Mas também já trabalhou como “pseudo-secretária” na EILA, contratada como tal pelo Doutor Santos Costa, e onde fez de tudo menos o trabalho de secretária, propriamente dito. Também este emprego durou pouco tempo, não chegou a um ano, e igualmente a empresa foi à falência, mas desta vez fraudulenta. O “atraente” Doutor Santos Costa fez um enorme desfalque e depois “deu às de Vila Diogo”, deixando os empregados com “uma mão à frente e outra atrás”, que é como quem diz – sem nada!
Depois de terminados os seus afazeres telefonou para a sua melhor amiga, Bela, desafiando-a para uma caminhada, o que faziam com muita frequência.
Como de costume Bela aceitou o convite. Combinaram encontrar-se na esquina – já que Bela morava numa rua paralela à de Nanda - dali por meia hora.
Deu comida e água fresca ao Tejo, que, com o calor, se esparramara no chão da cozinha, onde se sentia mais fresco.
Foi vestir o fato de treino e calçar os ténis, e, entretanto lembrou-se de que tinha de telefonar ao filho. Olhou para o relógio. Estava a fazer-se tarde para o encontro marcado com Bela.
- Também não é uma urgência assim tão grande – pensou. Ligo-lhe quando regressar.
Estava a abrir a porta da rua quando o telemóvel tocou. Viu que era o Luís e resolveu não atender. Logo de seguida ouviu uma mensagem em alta voz:
- Mãe! Porque não atendes o telefone? Já te liguei hoje não sei quantas vezes! Preciso falar contigo com a máxima urgência! Liga-me, por favor!
A voz do filho denotava, realmente, urgência.

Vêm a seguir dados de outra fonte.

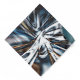 Drawings with abstract lines that mix many features, reminiscent of brown bamboo, some whitish tones mixed with gray spots cause a perception of nickel plating and look like leftovers from metal plate clippings or bows that keep the print twisted, and overlapping of some lines over matte gradient can cause a perception that resembles something like a clear glass or incolor plastic.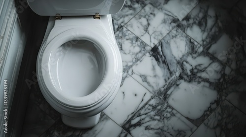An overhead view shows a white toilet on marble tile floor. It is ideal for illustrating cleanliness or modern bathroom design.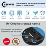 Прахосмукачката робот MAGNUM UV+ е най-новият представител на серията роботи за почистване MAGNUM. Това е изключително интелигентен робот, който съчетава харектеристики от най-висок клас - лазерна система за навигация, приложение на български език с богат набор от функции, UVC лампа за стерилизация на почистената повърхност, сухо и мокро почистване, висока всмукателна мощност, централна четка + 2 странични четки, Y-образно движение при мокро почистване и още много иновативни качества!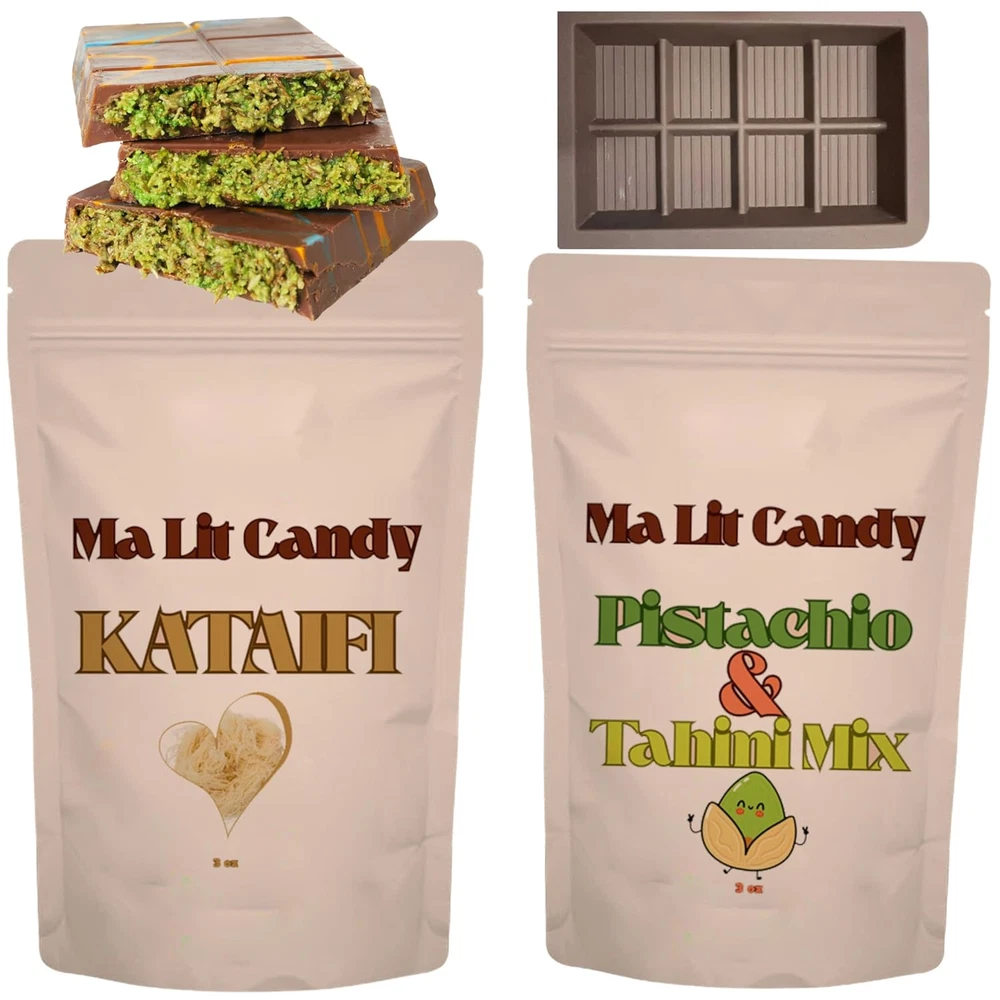 💰 Great Value for the Money: Enjoy a luxury Dubai Kunafeh chocolate-making experience with this kit that makes one generous 8 oz bar—just add your own chocolate! 🌰 Fresh & High-Quality Ingredients: Every kit is packed with fresh, premium ingredients to ensure amazing flavor in every bite. 🍫 Use Your Favorite Chocolate: Milk, dark, white, or flavored — customize it your way with any chocolate you love! 📖 Easy-to-Follow Recipe Included: No baking skills? No problem! Our clear, step-by-step instructions make it simple and fun for everyone. 🎁 Awesome Gift Idea: Makes a unique and thoughtful gift for chocolate lovers, foodies, or anyone who loves to try something new. 💤 Perfect for Any Occasion: Great for parties, sleepovers, family nights, game nights, or just a fun weekend activity. 🧑🍳 Fun for All Ages: Whether you're making it solo or with friends or kids, a Dubai Kunafeh Chocolate Bar Kit is an easy and enjoyable treat everyone will love. Create a delicious 8 oz Dubai Knafeh pistachio chocolate bar at home! This fun, easy-to-follow dubai chocolate bar kit by Ma Lit Candy comes with fresh ingredients, a simple recipe, a mold, and lets you use any chocolate you love. Perfect for gifting, parties, or a sweet night in — it’s great value and even better taste!

E ansiedade.


(1) – ISCAL – Instituto Superior de Contabilidade e Administração de Lisboa
(2) "Estabanado"- Alteração de estavanado
1. Que tem pouco juízo ou pensa pouco nas consequências. = DOIDIVANAS, ESTOUVADO, LEVIANO
In Dicionário Priberam da Língua Portuguesa
(3) A expressão “dar às de Vila Diogo” significa FUGIR
Embora a origem desta expressão não esteja comprovada, diz-se que, por ordem de Fernando III de Castela, na localidade espanhola de Villadiego, que em português deu Vila Diogo, os judeus podiam circular livremente sem serem perseguidos.
Os judeus de outras localidades, para escapar à perseguição, fugiam para Villadiego.


Maria Caiano Azevedo


Tal como informei no Post anterior estarei de regresso em finais de Setembro, e visitarei todos.
Até lá… que tudo corra à medida dos vossos desejos.